Thermo-Mechanical Analysis and Process Optimization of Sand Casting for Aluminum Alloy Components: A General Mechanics Study

Abstract

This paper presents a professional general-mechanics study of metal casting, with emphasis on gravity sand casting of an aluminum-silicon component. The work combines heat-transfer theory, fluid-flow constraints, feeding mechanics, shrinkage-risk prediction, and mechanical-property estimation into a single analytical-numerical framework. The central objective is to determine how pouring temperature, mold preheat, gate velocity, and riser modulus ratio affect filling time, solidification time, cooling rate, shrinkage porosity, ultimate tensile strength, hardness, and an integrated quality index.

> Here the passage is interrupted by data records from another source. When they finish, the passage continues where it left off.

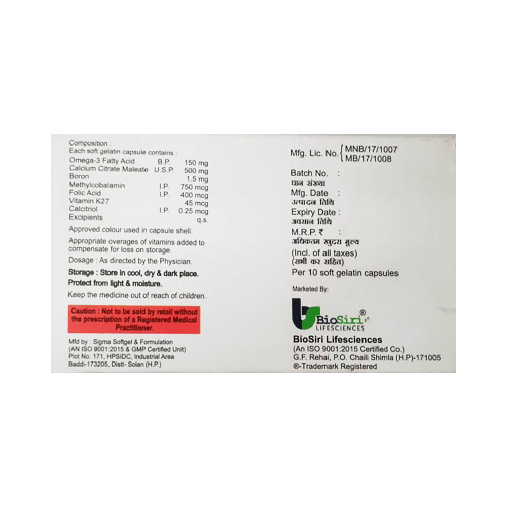 Salt Composition: Omega-3 fatty acid (150mg) + Calcium Citrate Malate (500mg) + Boron (1.5mg) + Methylcobalamin (750mcg) + Folic Acid (400mcg) + Vitamin K2-7 (45mcg) + Calcitriol (0.25mcg)
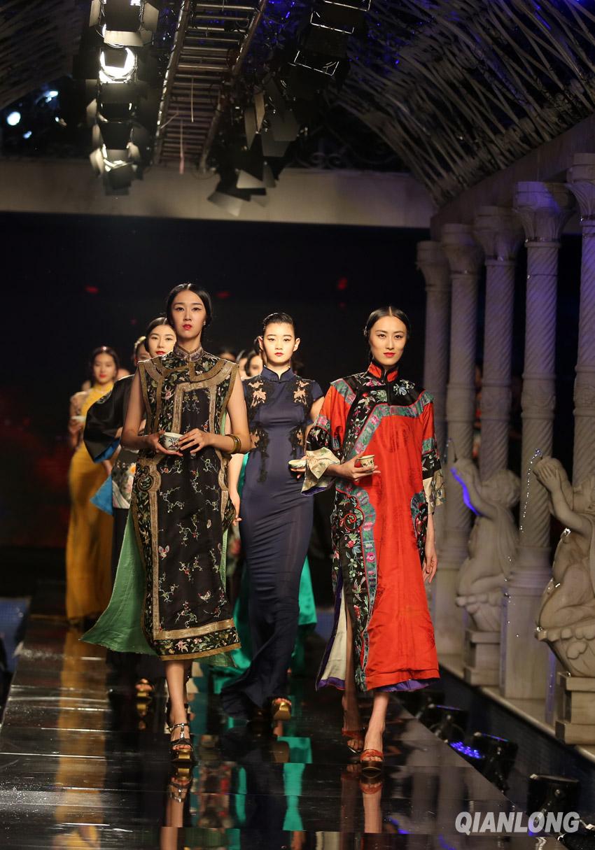 5月16日,模特精彩演绎设计师的作品,当日,高级定制品牌BE.PRIVE东方神韵时尚旗袍发布会在京举行。千龙网记者 戚连民摄
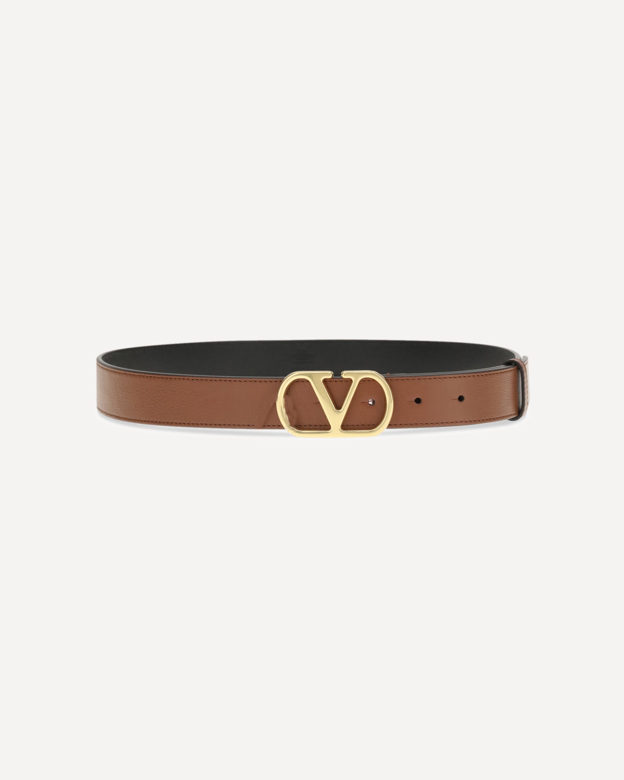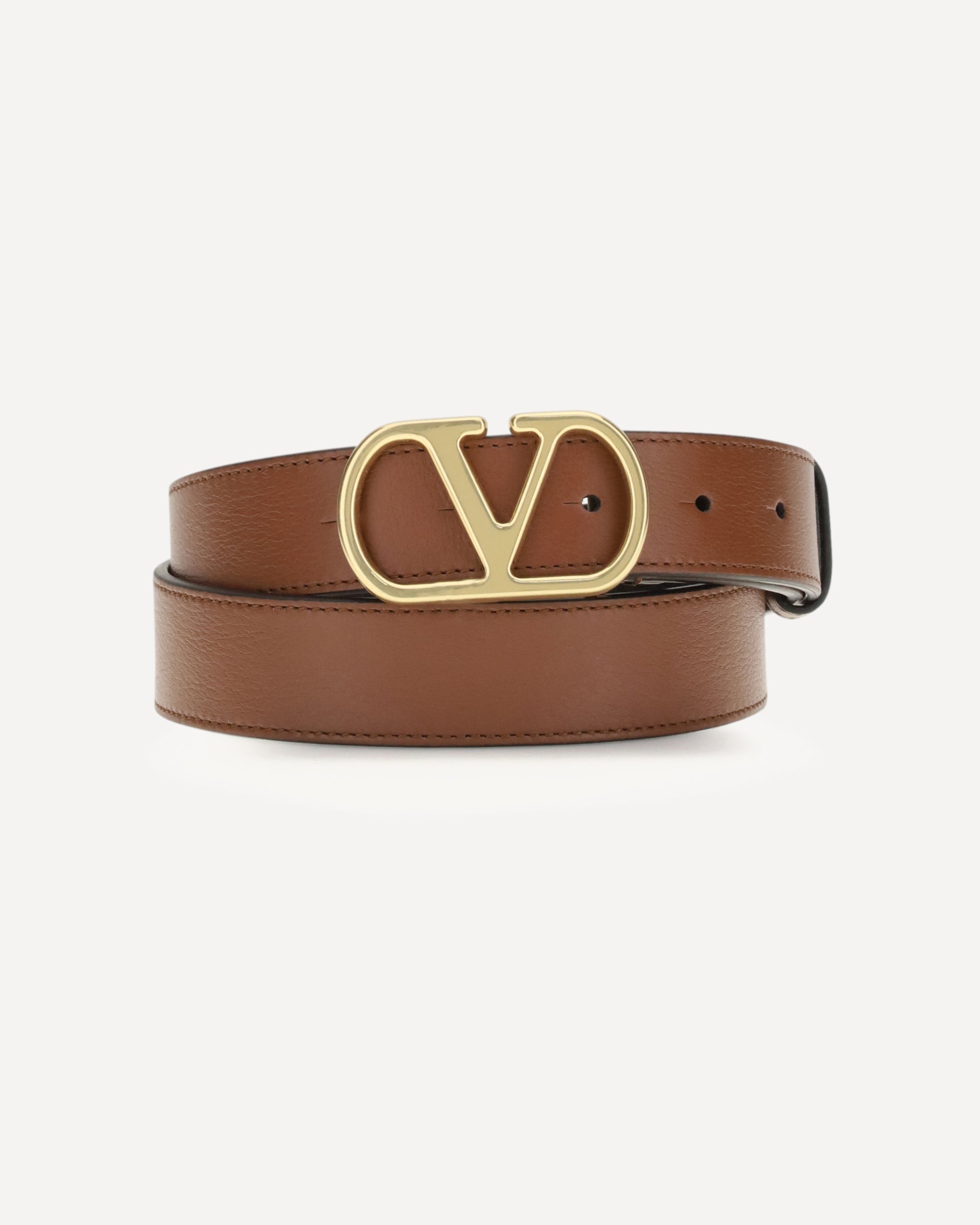 The VLogo Signature Belt by Valentino Garavani is crafted from glossy calfskin with a smooth leather interior and features the house’s iconic antiqued-brass VLogo buckle. Elegant and versatile, it brings refined character to both tailored outfits and everyday looks.

The model is intentionally transparent and editable: Chvorinov’s rule is used for solidification scaling, a simplified gating equation is used for filling, a feeding-based shrinkage index is used for porosity risk, and a cooling-rate relation is used to estimate microstructural refinement and strength. A nine-case design matrix is evaluated for a representative Al-Si casting. The results show that raising the riser-to-casting modulus ratio from 1.05 to 1.35 can reduce predicted shrinkage porosity from approximately 5.82% to below 2.20%, while increasing the quality index from about 49.5 to more than 78. The recommended balanced condition is a pouring temperature near 720 degC, mold preheat near 80 degC, riser modulus ratio near 1.35, and moderate gate velocity around 0.35-0.40 m/s. Under this condition, the model predicts shrinkage porosity of about 1.92%, ultimate tensile strength of about 153.6 MPa, and a quality index of 82.4/100. The numerical results are not claimed as experimental measurements; they represent a reproducible engineering case study suitable for design comparison, teaching, and preliminary foundry-process optimization.